** DATASET EXTRACT follows **

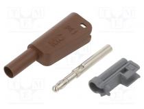 Banánik 4mm 19A 1kV hnedá izolované,so zdierkou 4mm v osi - Popis produktu
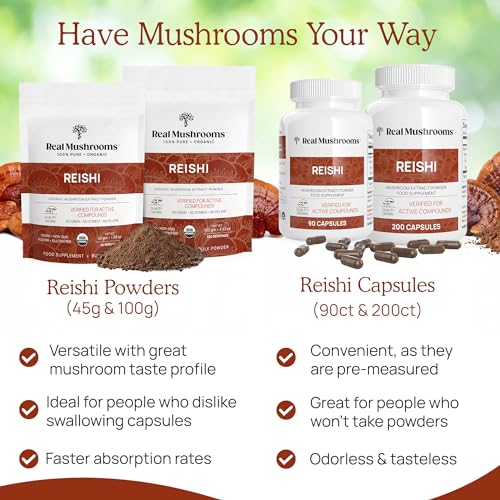 Real Mushrooms Reishi Mushroom Capsules - Handpicked Organic Mushroom Extracts -
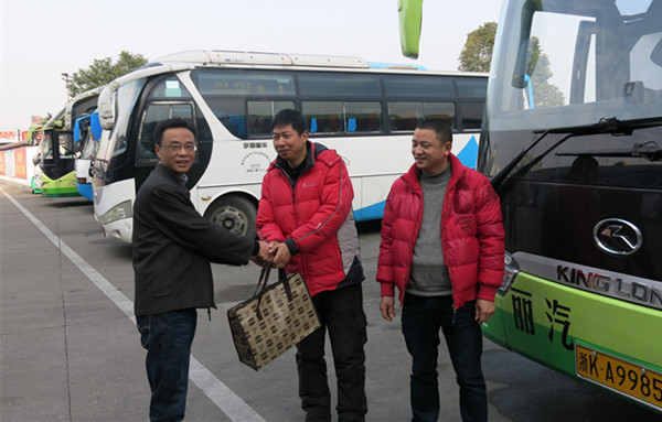 1月17日上午,旅游集散中心經(jīng)理葉劍飛、工會主席葉學(xué)敏、副經(jīng)理余雷及車隊(duì)隊(duì)長王華南一行在汽車東站經(jīng)理梁巍的陪同下,給在東站春運(yùn)加班的駕駛員送去節(jié)前的問候和慰問品,叮囑駕駛員路途首先是注意安全,在駕車時必須控制好車速,特別是在駛經(jīng)彎道、坡路、橋梁、窄路和視線不良、交通流量大的路段或遇到下雨、下雪、大霧等惡劣天氣時,更要按照限速規(guī)定嚴(yán)格控制車速,避免發(fā)生交通事故;然后做好保暖工作,搭班駕駛員互相照應(yīng),不能疲勞駕駛,注意自身健康。
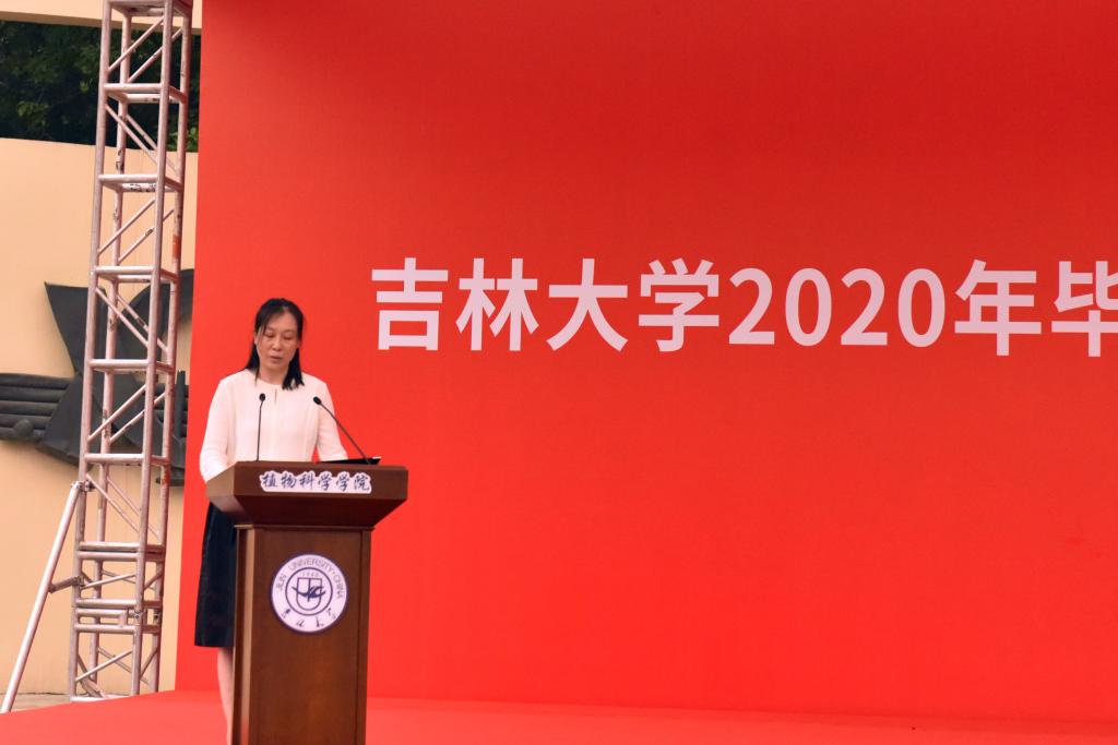 公司教学委员会主任委员、2020届毕业班班主任边鸣镝教授发言。她希望同学们在生活的中洪流滚滚向前,做好再扬帆起航的准备,“我既盼你们幸运加持、顺遂一生,也望你们波澜壮阔、峥嵘岁月,不管怎么样,你们一定要带着对自己过往生活的反思,要不断的自省,在失败中的伤痛里汲取战胜暴风雨的力量,让过往所有的遗憾都化作未来惊喜的铺垫,朝着我们的目标,星夜兼程,总有一天你会成为最美的自己。”
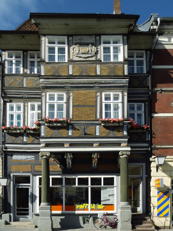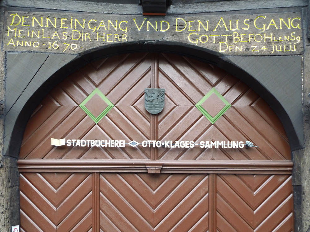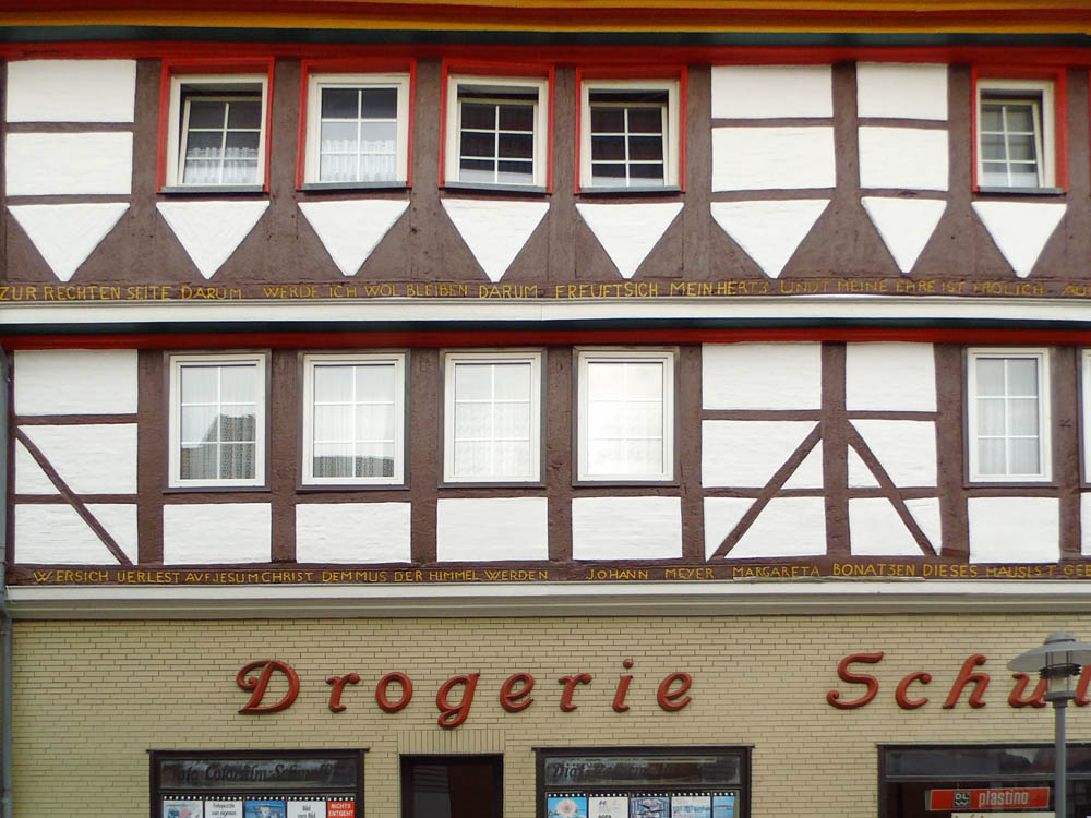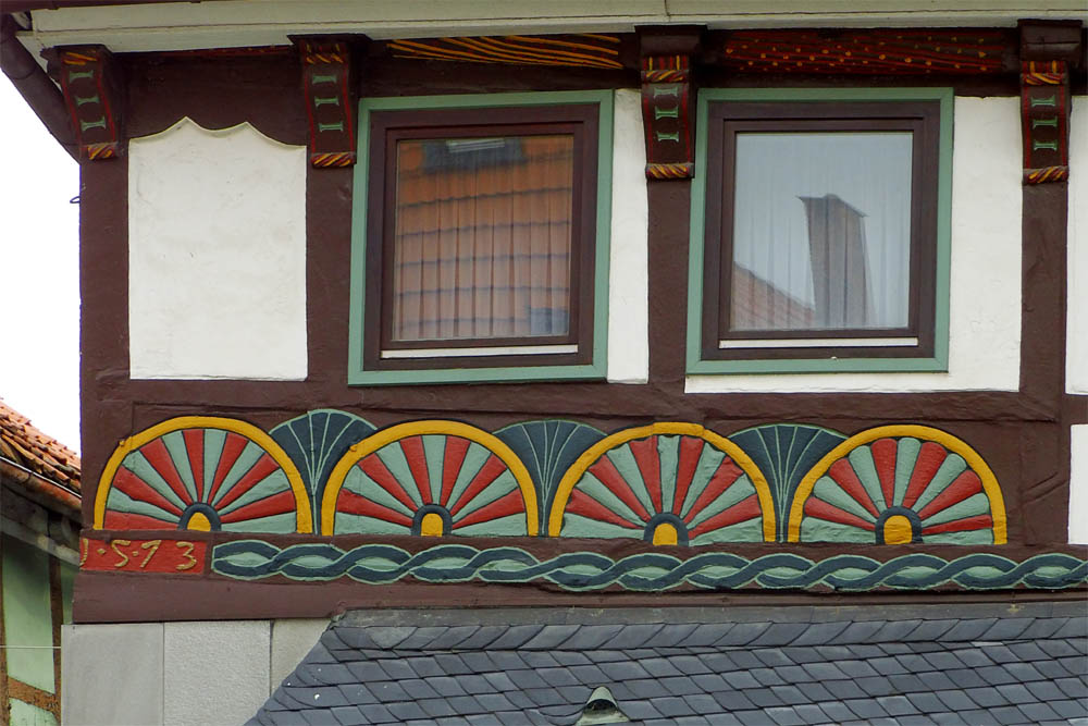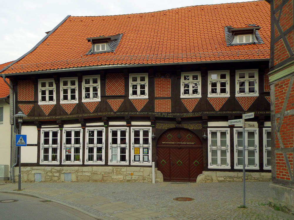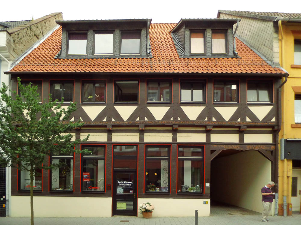 An vielen Fachwerkhäusern hat sich prächtiger Schmuck erhalten. Zum Teil sind noch Anklänge an die Gotik vorhanden. Das gilt für Schiffskehlmuster zwischen den Knaggen, wie sie sich in einfacher Form unter einem Fächerfries an d n Häusern Am Markt 11 (Schuhhaus Eilers) und Neue Straße 49 erhalten haben. Da diese Sohmuckformen in ganz ähnlicher Form an dem Haus in Helmstedt Holzberg 17 aus dem Jahre 1561 vorkommen, ist anzunehmen, daß sie in Königslutter ungefähr um die gleiche Zeit entstanden sind. Fast ebenso alt dürfte das Haus Marktstraße 21 (Blumenhaus Sammann) sein, dessen Erbauungsjahr 15 . . leider schon vor 100 Jahren nicht mehr entzifferbar war. Hier schmücken neben Schiffskehle und Tauband Flechtbänder, Zahnschnitt, Beschlagwerk mit Hopfendarstellungen und interessante Steinsetzungen das stark vorkragende Haus. Wahrscheinlich besaß dieses auch einen Erker. Schöne Rosetten, Perlschnüren, Flecht- und Taubänder zeigen die Häuser Gänsemarkt 1 (1573/1669), Sack 5 (1604), das der Amtmann Christoph Vögding erbauen ließ, und - leider unbemalt - das alte Handelshaus an der Ecke Westernstraße/Neue Straße aus dem Jahre 1603. Das schönste Haus aus der Barockzeit in Königslutter ist zweifellos das Haus Am Markt 14 (Frisiersalon Beese), das der Amtmann Leidenfrost 1674 errichten ließ. Das hohe, schmale Haus zeigt einen von einem Wappen geschmückten und mit kleinen Muscheln versehenen prächtigen Erker, der auf zwei angeblich aus der Schoderstedter Kirche stammenden Holzsäulen ruht und von vier Schleier tragenden Knaben gestützt wird. Bemerkenswert ist auch das Portal des Hauses Marktstraße 2 (Café am Markt) mit zwei fliegenden Engeln aus dem Jahre 1674. Viele Häuser weisen auch interessante lnschriften auf, die meistens Texte aus der Bibel, am häufigsten „Wer Gott vertraut, hat wohl gebaut . . ." sowie die Namen der Erbauer und den Zeitpunkt der Errichtung des Bauwerks enthalten.

** End of DATASET EXTRACT **

TRY IT: Repeat the listing above up to and including the line with "公司教学委员会主任委员、20", starting from its first line. Drop any pictures.

ANSWER BOX:
 Banánik 4mm 19A 1kV hnedá izolované,so zdierkou 4mm v osi - Popis produktu
 Real Mushrooms Reishi Mushroom Capsules - Handpicked Organic Mushroom Extracts -
 1月17日上午,旅游集散中心經(jīng)理葉劍飛、工會主席葉學(xué)敏、副經(jīng)理余雷及車隊(duì)隊(duì)長王華南一行在汽車東站經(jīng)理梁巍的陪同下,給在東站春運(yùn)加班的駕駛員送去節(jié)前的問候和慰問品,叮囑駕駛員路途首先是注意安全,在駕車時必須控制好車速,特別是在駛經(jīng)彎道、坡路、橋梁、窄路和視線不良、交通流量大的路段或遇到下雨、下雪、大霧等惡劣天氣時,更要按照限速規(guī)定嚴(yán)格控制車速,避免發(fā)生交通事故;然后做好保暖工作,搭班駕駛員互相照應(yīng),不能疲勞駕駛,注意自身健康。
 公司教学委员会主任委员、2020届毕业班班主任边鸣镝教授发言。她希望同学们在生活的中洪流滚滚向前,做好再扬帆起航的准备,“我既盼你们幸运加持、顺遂一生,也望你们波澜壮阔、峥嵘岁月,不管怎么样,你们一定要带着对自己过往生活的反思,要不断的自省,在失败中的伤痛里汲取战胜暴风雨的力量,让过往所有的遗憾都化作未来惊喜的铺垫,朝着我们的目标,星夜兼程,总有一天你会成为最美的自己。”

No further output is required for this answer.